◆ Exercise objective
Please print, exactly, only the lines in the entries below from the line that has "Confeccionado em tecido" through the line that has "Este design é". Pictures don't go in.

◆ Dataset content
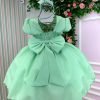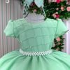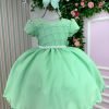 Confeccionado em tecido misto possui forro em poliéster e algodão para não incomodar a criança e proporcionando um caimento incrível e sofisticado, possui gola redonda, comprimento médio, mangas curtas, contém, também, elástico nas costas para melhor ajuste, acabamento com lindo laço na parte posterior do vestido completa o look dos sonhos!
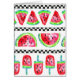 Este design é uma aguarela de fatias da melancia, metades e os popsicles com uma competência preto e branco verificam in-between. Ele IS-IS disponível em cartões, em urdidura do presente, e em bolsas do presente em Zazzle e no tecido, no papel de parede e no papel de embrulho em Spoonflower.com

* * *

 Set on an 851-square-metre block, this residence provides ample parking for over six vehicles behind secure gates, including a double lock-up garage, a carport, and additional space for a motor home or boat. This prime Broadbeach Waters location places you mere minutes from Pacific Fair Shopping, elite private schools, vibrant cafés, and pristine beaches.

◆ Reply to the exercise
 Confeccionado em tecido misto possui forro em poliéster e algodão para não incomodar a criança e proporcionando um caimento incrível e sofisticado, possui gola redonda, comprimento médio, mangas curtas, contém, também, elástico nas costas para melhor ajuste, acabamento com lindo laço na parte posterior do vestido completa o look dos sonhos!
 Este design é uma aguarela de fatias da melancia, metades e os popsicles com uma competência preto e branco verificam in-between. Ele IS-IS disponível em cartões, em urdidura do presente, e em bolsas do presente em Zazzle e no tecido, no papel de parede e no papel de embrulho em Spoonflower.com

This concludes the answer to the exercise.